There are many benefits to being an RIA. It is the only way you can legally charge fees, whether an hourly rate, a flat fee, or a percentage of assets under management. It allows you legally to provide a wider range of services and financial planning recommendations, which can increase your revenues and market penetration. Finally, this license can be a big advantage when it comes to attracting more sophisticated and upscale clients.
The confusion starts with how to spell adviser. English teachers have long favored the use of “advisor.” Then, in 1940, Congress opted for adviser with its passage of the Investment Advisers Act. Over the next half century, a dual spelling system – adviser vs. advisor – fought it out in the legal and popular press. In the end, many journalists yielded to Congress. Bloomberg Press style now conforms to that of Congress and uses only the adviser spelling. As Congress has yet to pass an “advisery” rule, that word remains true to its original form and is spelled “advisory.”
This chapter makes the whole subject more clear and offers strategies for avoiding common but dangerous land mines. Look for two main things in this chapter and how their application will affect you and your practice:
1. The definition of investment adviser on both federal and state levels.
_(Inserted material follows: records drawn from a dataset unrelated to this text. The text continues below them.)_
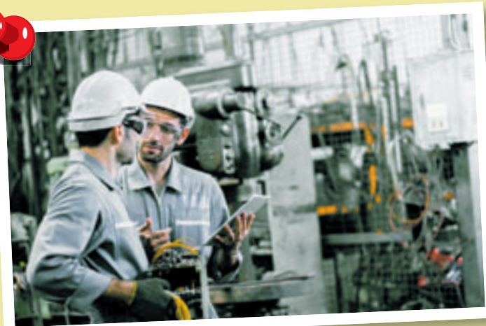
Während der Prozessabläufe überwachen unsere Azubis die Temperaturen, regeln die Materialzufuhr und entnehmen Proben des Schmelzguts, die sie zur Analyse weiterleiten.

■ (Speira) Hamburg. Verfahrenstechnologen und -technologininnen Metall der Fachrichtung Nichteisenmetallurgie produzieren bei uns das Metall der Zukunft. Genauer gesagt begleiten sie den kompletten Prozess in unserem Hamburger Standort in Finkenwerder. Hier entsteht unser Aluminium. Dazu steuern und regeln sie unsere größtenteils automatisierten und computergesteuerten Anlagen. Unser Aluminium besteht zu einem Teil aus recyceltem Material, das bei ungefähr 660 Grad Celsius flüssig wird. Wem also hohe Temperaturen nichts ausmachen, der ist bei uns genau richtig. Während der Prozessabläufe überwachen unsere Azubis die Temperaturen, regeln die Materialzufuhr und entnehmen Proben des Schmelzguts, die sie zur Analyse weiterleiten. Anhand dieser Analysen sind sie in der Lage, die Qualität zu beurteilen und entsprechende Zusatz-
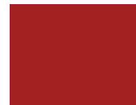
RED / ROUGE
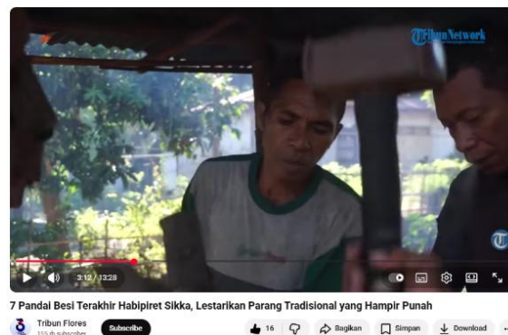
Gambar 4. Saat pandai besi (subjek utama) diperlihatkan sedang menempa parang.

Pada gambar 4, memperlihatkan momen fokus tinggi saat proses penempaan besi sedang berlangsung. Dalam frame ini, wajah pria di bagian tengah diisolasi sebagai golden mean area atau titik pusat perhatian utama untuk mengunci emosi penonton. Elemen visual diatur sebagai berikut: Titik Pusat: diisi oleh ekspresi tenang namun tajam dari sang pandai besi yang berada tepat di area fokus utama. Latar Depan (Foreground): sebuah palu besar yang sedikit blur menciptakan bingkai alami yang mengarahkan mata langsung kepada subjek.
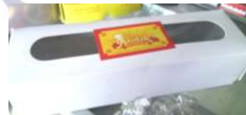
Gambar 4. Kemasan Kue Roll Bakery

Sedangkan untuk kemasan lainnya Andik Bakery menggunakan kemasan jadi yang diberi sticker logo Andik Bakery. Biasa digunakan untuk kue buaya, kue kura-kura, dan kue tradisional sebagai seserahan.
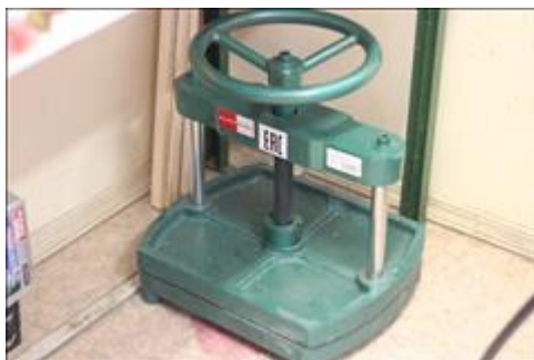
Пресс обжимной АНО НПСПО "Благое дело", Свердловская обл., Невьянский р-н, р.п. Верх-Нейвинский, ул. Просвещения 51а, Бумажная
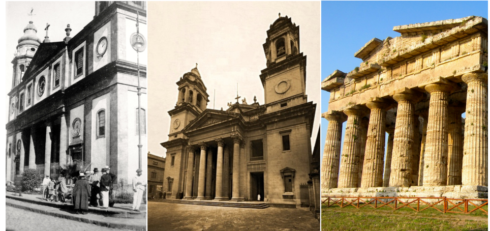
Catedral. Escalinata neoclásica. 1838

Fachada neoclásica de la Catedral de La Laguna, la Catedral de Pamplona (modelo de la lagunera) y templo griego clásico
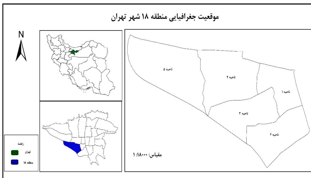
شکل ۱. موقعیت جغرافیایی منطقه ۱۸
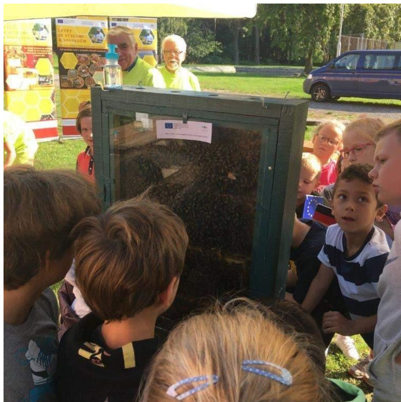
Přednáška o včelách za účasti senátora Jiřího Voseckého – září 2020
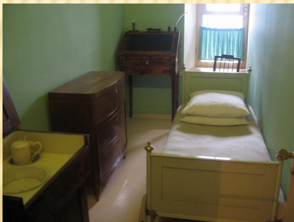
Комната А.С. Пушкина в лицее
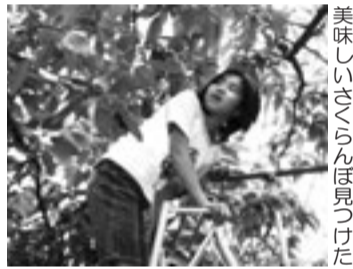
美味しいさくらんぼ見つけた

6月15日(日)一宮支部では支部レクを開催しました。梅雨入りして2週間、雨も心配されましたが、薄曇りの中、一宮尾西庁舎を7時15分にバスは出発。今回の行く先は、「信州さくらんぼ狩り&ハケ岳ランチバイキング」です。参加者92名が2台のバスに分乗、さくらんぼ目指し一路信州へ。バスは、中央道を須玉ICで降り、さくらんぼ農園に11時30分着。
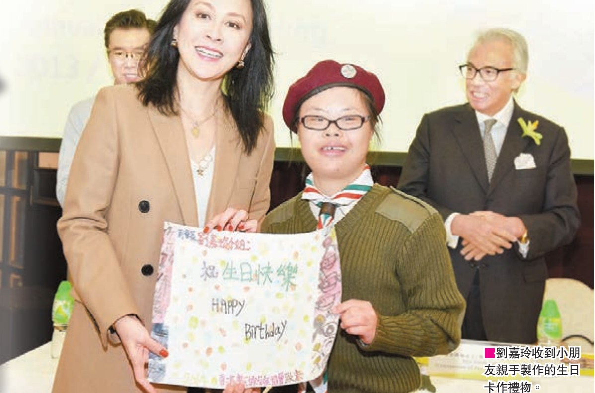
劉嘉玲收到小朋友親手製作的生日卡作禮物。
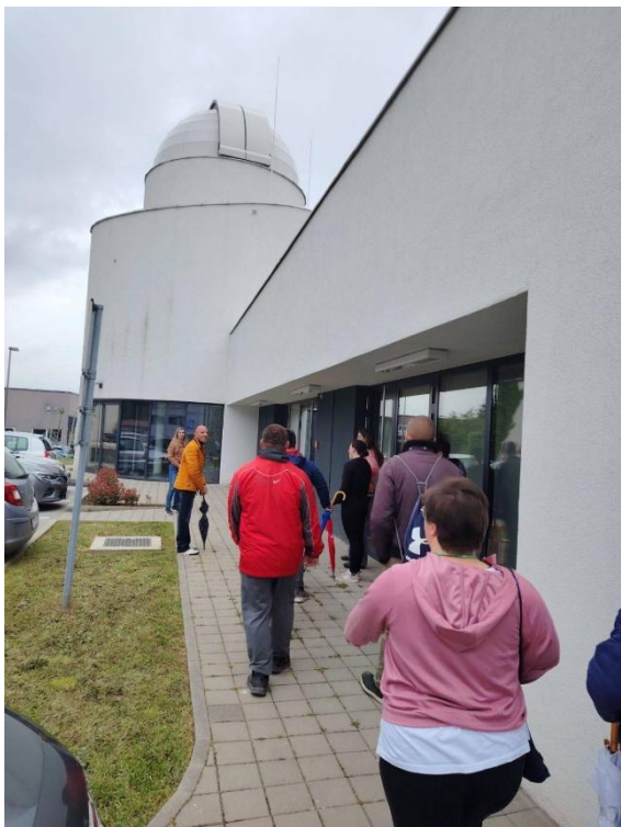
Posjet križevačkoj Zvezdarnici, 09.05.2025.
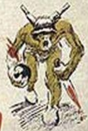
ФАШИЗМ - ЭТО ВОЙНА
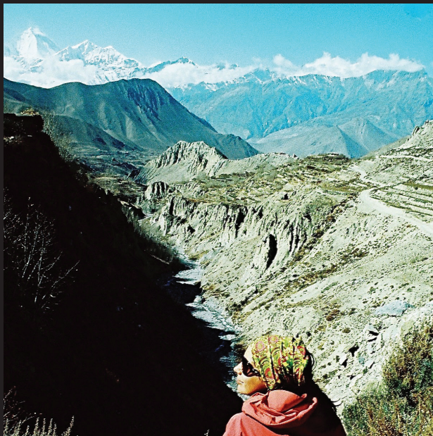
Vyhliadka na osemtisícovku Dhaulaghiri. Kúsok od Muktinathu.
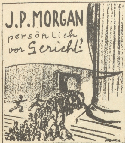
Die größte Sensation seit Barnum! (Saint Louis Post Dispatch)
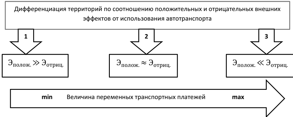
Рис. 4. Дифференциация территорий и размера переменных транспортных платежей по соотношению положительных и отрицательных эффектов от использования автотранспорта

Особенно важна территориальная дифференциация переменных транспортных платежей. Выделим три принципиально различающихся ситуации, которые могут быть на разных территориях страны. Эти ситуации имеют разное соотношение положительных и отрицательных внешних эффектов и, соответственно, должны определять разные условия для транспортного обложения, развития дорожной сети и регулирования уровня автомобилизации (рис. 4).
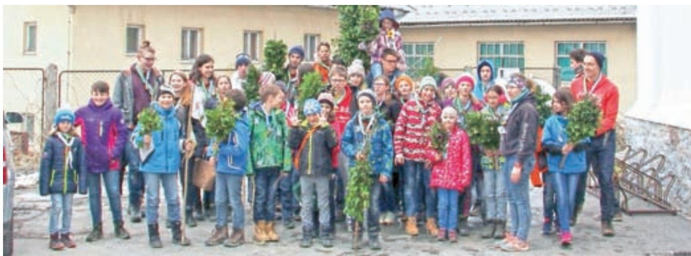
Skavti s tradicionalnimi poljanskimi zelenimi butarami pred butaro velikanko v Gorenji vasi leta 2018

Izdelava in poimenovanje butaric za cvetno nedeljo se na Slovenskem razlikuje od pokrajine do pokrajine.
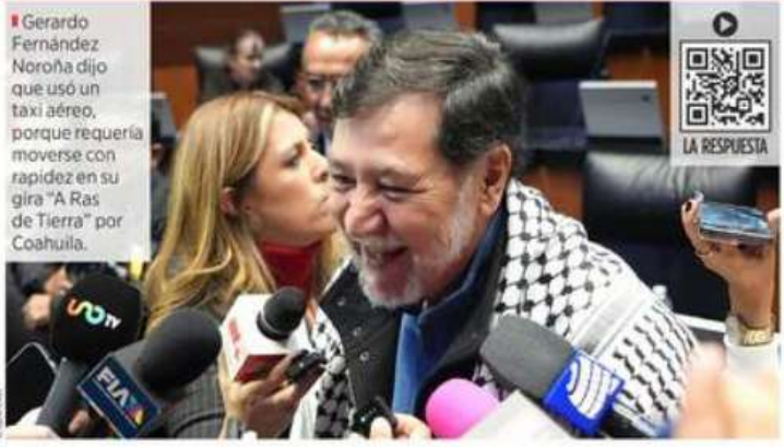
Gerardo Fernández Noroña dijo que usó un taxi aéreo, porque requería moverse con rapidez en su gira "A Ras de Tierra" por Coahuila.

AMENAZAN A PREPA Y FACULTAD Presuntos miembros del "Bloque Negro" responsables de agresiones a policías el pasado día 2, ahora, embozados y encapuchados, intentaron tomar la Prepa 8, en Plateros. Tras una posesión momentánea del plantel se dirigieron a la Facultad de Derecho donde fueron rechazados por los estudiantes. CIUDAD
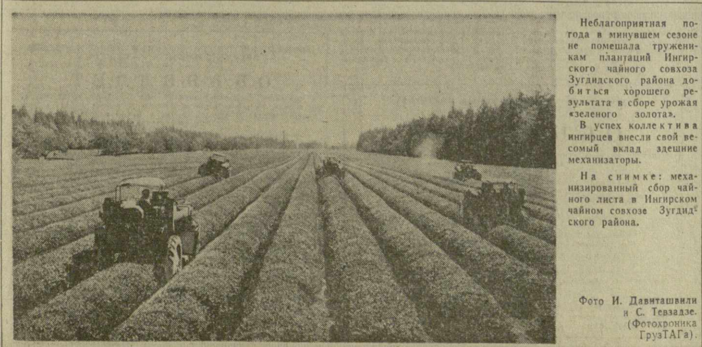
На снимке: механизированный сбор чайного листа в Ингирском чайном совхозе Зугдидского района.
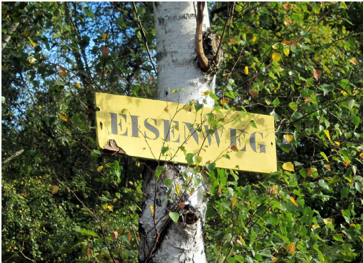
Hinweisschild auf den Eisenweg von Spich nach Lohmar (2011).

Does your firm fit that definition, or are you and your firm exempt or excluded from having to register?
2. If your firm is an investment adviser, are you responsible to the SEC, your state, or both for oversight? The 1996 Investment Advisers Supervision Coordination Act created a distinction between large RIAs, which must be registered with the SEC, and smaller firms, which must be registered with state securities administrators. How does this legislation affect your practice?
Firm and Individual Registration
IT IS IMPORTANT TO DIFFERENTIATE at the outset between firm and individual registration. Large investment advisers are typically corporations who retain individuals who are investment adviser representatives or associated persons. These are the people who are actually meeting with clients and giving investment advice. Sometimes an RIA is an unincorporated sole proprietor. Both the large corporate entity and the unincorporated sole proprietor are considered to be the RIA or the “firm.” However, only when a sole proprietor is registered as an RIA is the individual person an RIA. This distinction is frequently misunderstood and used erroneously in the industry where it is not uncommon to hear individuals say they are RIAs when in fact it is their corporation that is the RIA and the individuals are technically representatives or associated persons of the firm. In this book, when using the phrase “registering as an RIA,” it means either the individual must register as an RIA or affiliate with an RIA.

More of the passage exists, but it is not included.